![]() |
| Mohamad Samsodin,SH.,MH Ketua DPC Kongres Advocat Indonesia (KAI) Kabupaten Bekasi. |
BEKASI, Wartakinian.com – Mohamad Samsodin, SH., MH., melaporkan Kades Karangsari, Kabupaten Bekasi berinisial U atas dugaan tindak pidana pemalsuan surat dan/atau memasukkan keterangan palsu ke dalam akta autentik ke Polres Metro Bekasi.
Laporan tersebut dibuat Samsodin selaku kuasa hukum ahli waris H. Abdul Salam bin Salim. Berdasarkan Surat Tanda Terima Laporan Pengaduan, laporan diterima di Polres Metro Bekasi pada Minggu, 23 Agustus 2026.
Dalam laporan tersebut, Samsodin mengadukan dugaan pemalsuan dokumen yang berkaitan dengan proses penerbitan sertifikat tanah melalui program Pendaftaran Tanah Sistematis Lengkap (PTSL).
Objek tanah yang dipersoalkan berada di wilayah Kampung Jiun, Desa Karangsari, Kecamatan Cikarang Timur, Kabupaten Bekasi.

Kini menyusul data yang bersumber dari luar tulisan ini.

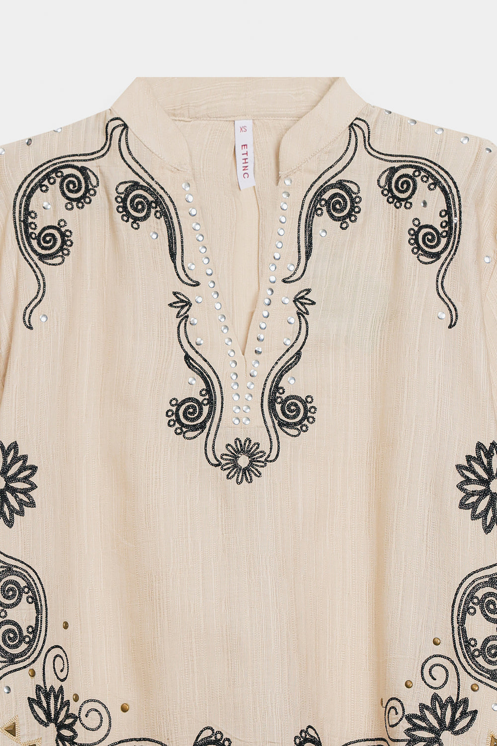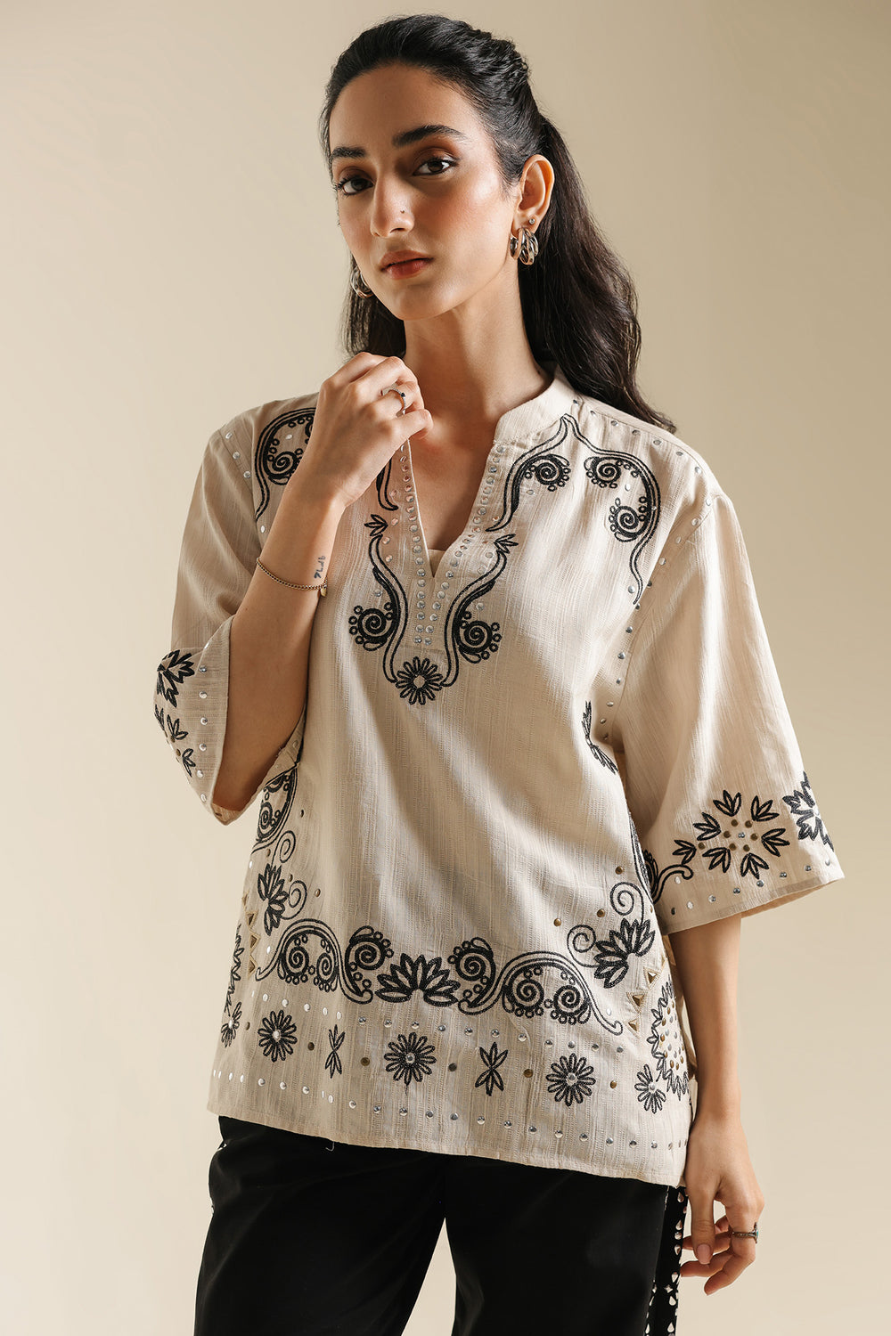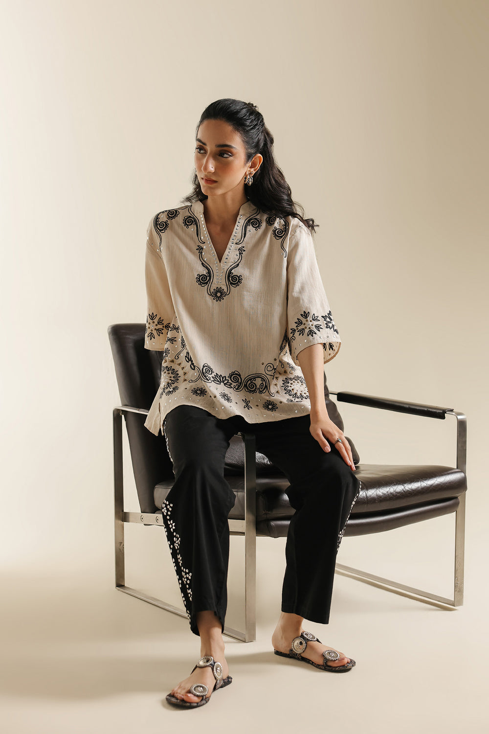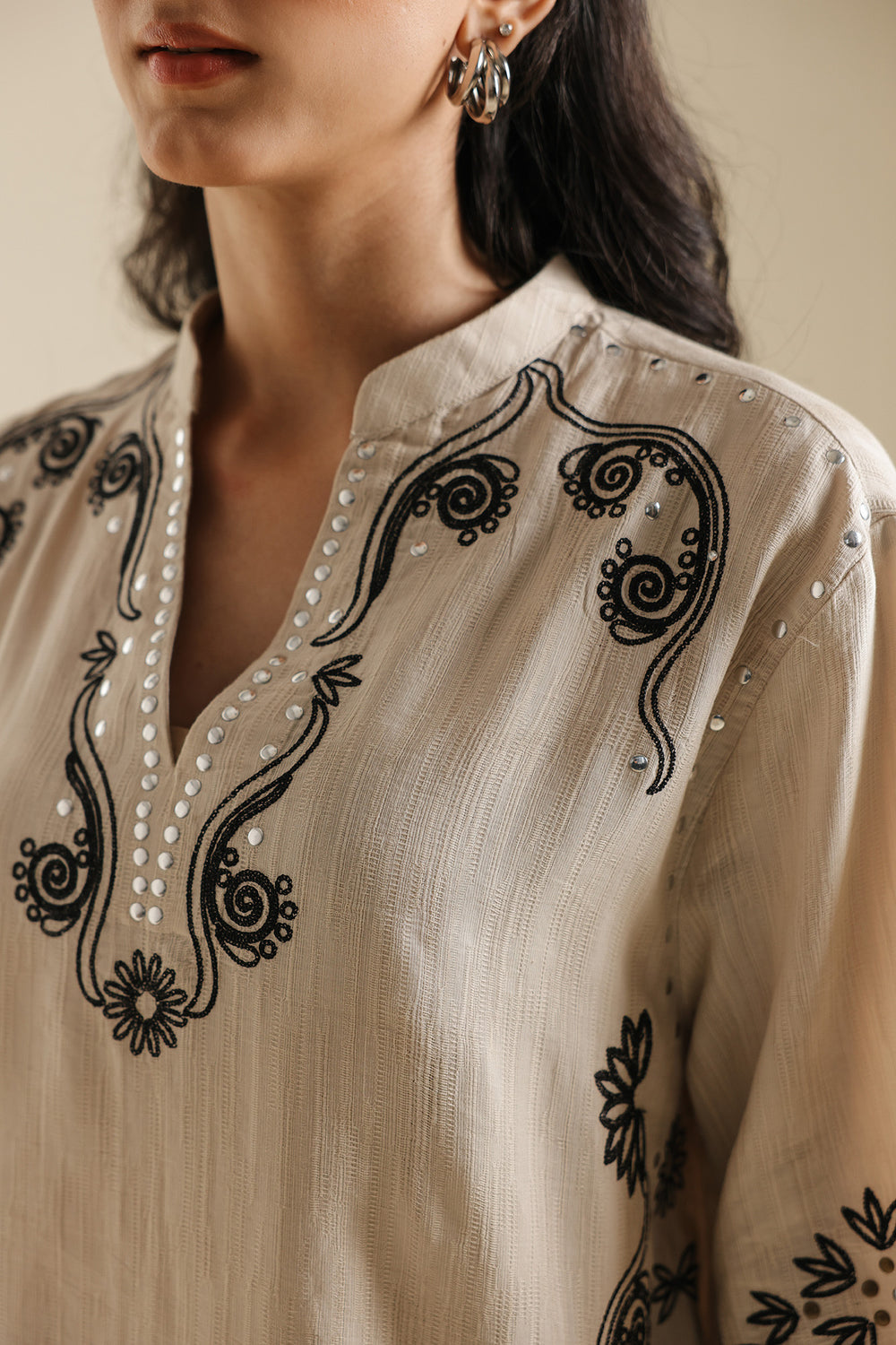 Exude effortless chic in this antique white top, a masterclass in tonal contrast and artisanal detailing. The shirt is crafted from a premium textured fabric that offers a rich, tactile feel and a structured silhouette. Its design is centered around a sophisticated V-neckline, framed by bold, swirling ethnic embroidery in deep ebony that extends across the front and back. The wide, elbow-length sleeves and the straight hemline are further enhanced by coordinating black floral motifs and delicate mirror-work accents that catch the light with every movement. This one-piece tunic provides a striking, modern look that balances traditional needlework with a contemporary, relaxed fit, making it an essential statement piece for your wardrobe.

Tanah tersebut disebut memiliki bukti kepemilikan berupa Letter C Nomor 87, Persil 137, Klas S.II/6, Blok 015 serta SPPT Nomor 32.18.041.008.015-0074.0.
![]() |
| Poto ist: Bukti Laporan |
Menurut uraian dalam laporan pengaduan, tanah tersebut kemudian diajukan dalam program PTSL. Namun, setelah dilakukan pengecekan, Samsodin menduga terdapat dokumen yang digunakan dalam proses tersebut yang tidak sesuai dengan data kepemilikan.

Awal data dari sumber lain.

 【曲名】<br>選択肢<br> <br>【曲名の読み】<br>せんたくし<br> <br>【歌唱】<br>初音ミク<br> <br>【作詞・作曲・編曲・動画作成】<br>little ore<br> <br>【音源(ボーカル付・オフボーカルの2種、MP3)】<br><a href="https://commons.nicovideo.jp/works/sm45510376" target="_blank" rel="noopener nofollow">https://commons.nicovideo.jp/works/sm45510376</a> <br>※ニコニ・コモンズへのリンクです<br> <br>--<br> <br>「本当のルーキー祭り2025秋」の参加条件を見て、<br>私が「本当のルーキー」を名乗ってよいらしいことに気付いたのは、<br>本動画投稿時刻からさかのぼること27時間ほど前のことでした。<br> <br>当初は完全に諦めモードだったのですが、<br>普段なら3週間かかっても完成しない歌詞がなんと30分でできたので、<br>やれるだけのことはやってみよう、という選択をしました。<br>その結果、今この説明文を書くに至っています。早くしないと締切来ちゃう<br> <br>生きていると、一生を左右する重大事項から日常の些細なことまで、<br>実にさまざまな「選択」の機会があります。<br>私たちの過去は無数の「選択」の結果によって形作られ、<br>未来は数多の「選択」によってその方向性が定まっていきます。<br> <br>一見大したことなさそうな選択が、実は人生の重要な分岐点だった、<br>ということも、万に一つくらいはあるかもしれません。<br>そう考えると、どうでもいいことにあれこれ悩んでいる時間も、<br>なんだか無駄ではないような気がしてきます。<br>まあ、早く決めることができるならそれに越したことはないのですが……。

Dokumen yang dipersoalkan di antaranya Akta Jual Beli (AJB) Nomor 448/TB-IV-1990 tertanggal 5 April 1990. Dalam laporan tersebut, Samsodin mempertanyakan adanya perbedaan nama yang tercantum dalam dokumen tersebut.
Atas dugaan itu, Samsodin kemudian mendatangi Polres Metro Bekasi untuk membuat laporan pengaduan dan meminta aparat penegak hukum melakukan pemeriksaan serta penyelidikan terhadap dokumen dan pihak-pihak yang berkaitan dengan persoalan tersebut.

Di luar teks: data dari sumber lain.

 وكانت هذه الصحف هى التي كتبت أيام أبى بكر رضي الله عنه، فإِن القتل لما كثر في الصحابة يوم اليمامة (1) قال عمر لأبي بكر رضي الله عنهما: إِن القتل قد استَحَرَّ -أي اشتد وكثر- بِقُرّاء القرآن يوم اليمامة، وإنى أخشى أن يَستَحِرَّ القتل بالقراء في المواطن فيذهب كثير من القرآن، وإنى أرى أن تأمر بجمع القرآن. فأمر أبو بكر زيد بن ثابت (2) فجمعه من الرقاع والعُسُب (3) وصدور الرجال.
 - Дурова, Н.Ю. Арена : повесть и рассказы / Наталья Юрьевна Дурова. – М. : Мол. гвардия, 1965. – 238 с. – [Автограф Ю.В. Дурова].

Sebelumnya, Kuasa hukum korban Mohamad Samsodin telah bersurat dan mendatangi kantor Kepala Desa Karangsari agar perkara yang sedang ditangani menghasilkan langkah penyelesaian dengan musyawarah atau persuasif.
Kepada Wartakinian.com, Samsodin menjelaskan pokok perkara sesungguhnya, bahwa pada tahun 2015 dan 2016 Kepala Desa Karangsari membuat surat keterangan untuk kliennya bahwa objek tanah tersebut adalah milik almarhum H. Salam bin Salim berdasarkan transaksi jual beli yang diketahui oleh desa dan kecamatan.
Namun pada tahun 2025, kata Samsodin, kepala desa membuat surat keterangan atas objek tanah tersebut kepada orang lain mendasar AJB yang tidak teregister di PPAT Kecamatan Cikarang Utara maupun Cikarang Timur.
"Dan diketahui AJB Nomor 448 sesungguhnya terdaftar milik orang lain, atas surat keterangan tersebutlah korban merasa kehilangan objek tanah tersebut yang saat ini telah terbit sertifikat atas nama pihak lain selaku pemohon sertifikat," pungkasnya.
Hingga berita ini ditayangkan pihak terkait belum dapat dikonfirmasi.